Theatre Review by Matthew Murray

"I don't think it's a literal father."

Hearing those words during intermission at the Atlantic Theater Company's current double bill of Harold Pinter plays only helped cement for me something I'd long suspected: Pinter is both a blessing and a curse for the theatre.

His status as the former is firmly established, not just by well-versed theatregoers who've been braving his works for nearly 50 years, but even by the Nobel Foundation, which awarded him the Nobel Prize in Literature two months ago. Pinter is, and has long been, a reigning king of the theatrically absurd and the absurdly theatrical. He's always known instinctively that occasionally the most deafening sounds in a play can be the silences that fall between, or even within, words. And his plays are invariably provocative.

Hence his curseworthy characteristic: His plays are impossible to stop thinking about or talking about. The gentleman behind me at the Atlantic was compelled by the first offering - The Room, likewise Pinter's first play, from 1957 - to analyze and explain every detail of it to his bewildered wife. One can easily understand her confusion: Pinter's plays exist mostly, if not entirely, in the eyes and mind of the viewer.

What that man saw, what I saw, or what anyone that day saw who couldn't stop buzzing about and questioning it... Well, it might not be what you see. In truth, it probably won't be. But that's a sign of powerful, living theatre, and when it truly affects you, the specifics are ultimately of minimal importance. So it's possible to just sit back, relax, and enjoy The Room and its companion piece, Celebration (1999), and figure out what it means for you later.

In these productions, which are impeccably cast and wisely directed by Neil Pepe, you might well find that easier to do than ever before. They rank among the clearest, most accessible Pinter works I've seen performed live, and carry a dramatic and emotional immediacy too often missing from plays by writers (such as Pinter, Albee, and Beckett) not always known for their straightforward clarity. But Pepe and his actors make doing it well look like child's play, and unlock more inherent simplicity in these shows than is usually the case in larger, more elaborate, and frequently more leaden productions.

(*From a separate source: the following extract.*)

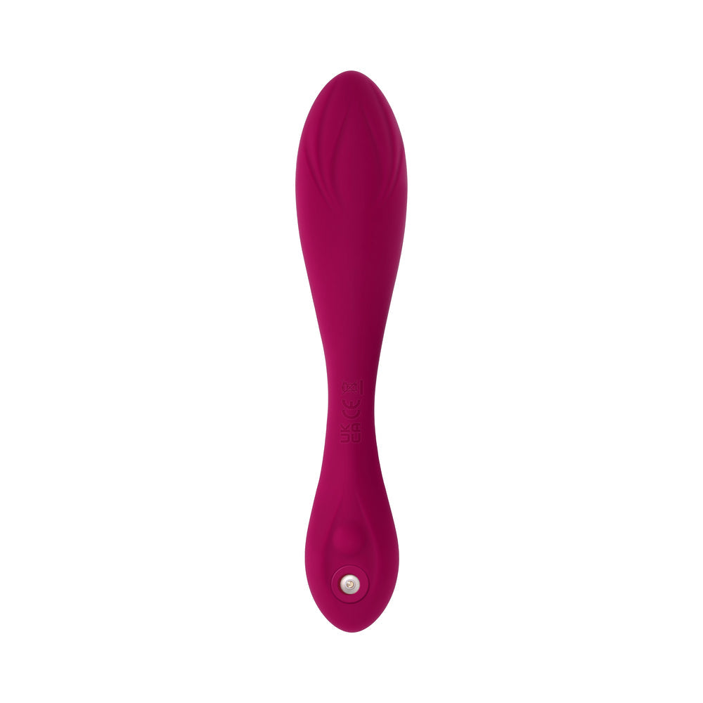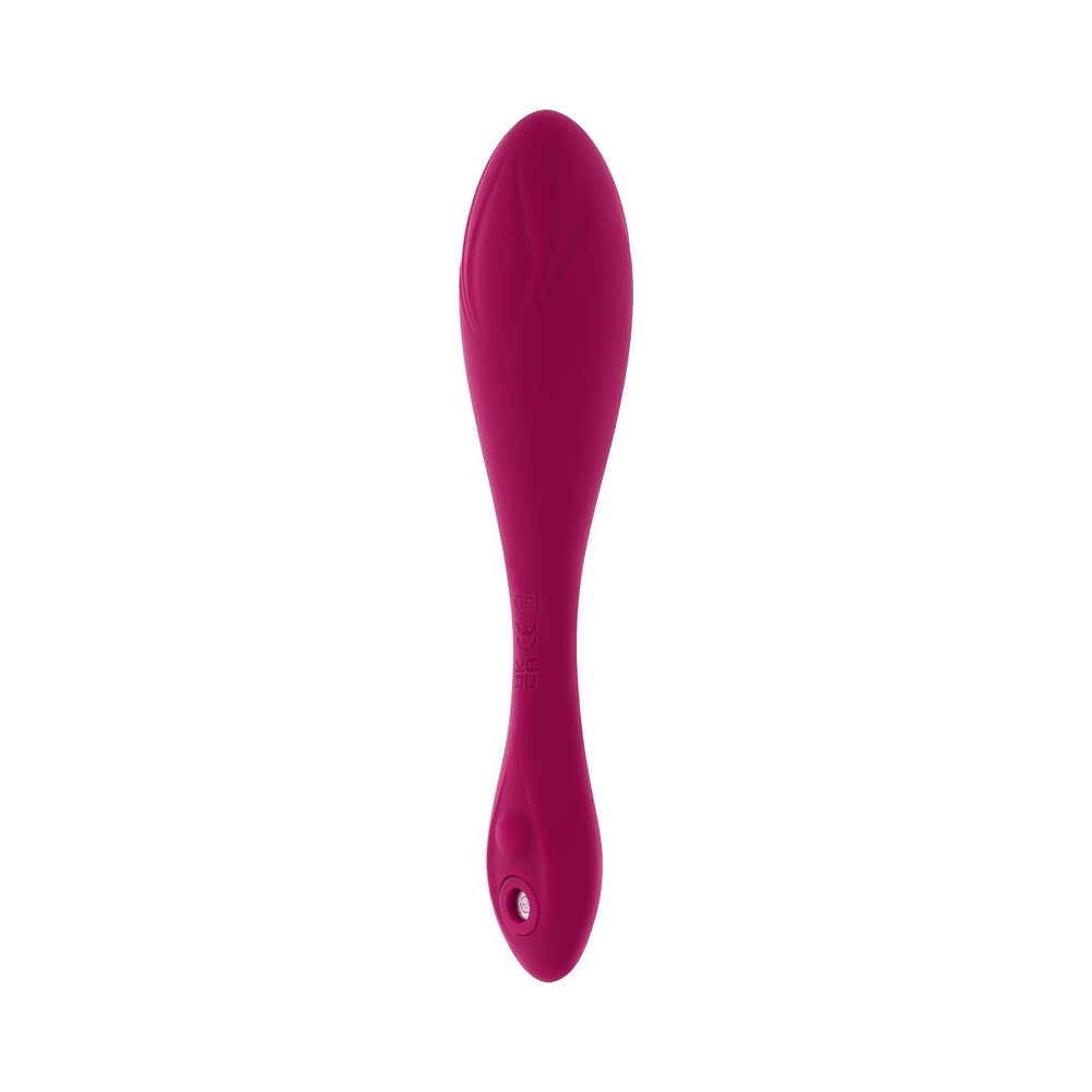 Strike a cherry pose with this flexible, poseable vibrator that stays just how you bend it. Powerful vibrations emanate from each textured head simultaneously to bring you double the pleasure no matter what curve you choose. One end swells to a bulbous girth with a tapered tip while the smaller end is oval shaped with a center bulge. Share your experience or make it hands-free with the 30'' range remote control. 10 vibrating speeds & patterns 2 motors, operated together Insertable length: 5", diameter: 1.25" Made from phthalate & latex free Silicone USB magnetic rechargeable toy & remote, cable included Height: 6.34", Depth: 0.71", Width: 1.25" Remote: Height: 2.2", Depth: 0.77", Width: 1.35", Range: 30'' Waterproof

The Room, which focuses on a woman named Rose (chillingly played by Mary Beth Peil) and the security she slowly learns she can never depend on, seems here like a haunting, wintry fable about the dangers that always exist just outside our field of vision. Celebration, as unsettling in its rampant humor as The Room is in its implicit sorrow, examines the diners at two tables in London's most expensive, exclusive restaurant, and how their questionably lived lives impact - and are impacted by - the eatery's brittle employees.

It may at first seem that the two works, so wildly different in tone, have little in common. But a common theme - the desire for a unique identity, and the freedom to live it to the fullest - eventually resonates so strongly, that it becomes difficult to imagine one being performed without the other.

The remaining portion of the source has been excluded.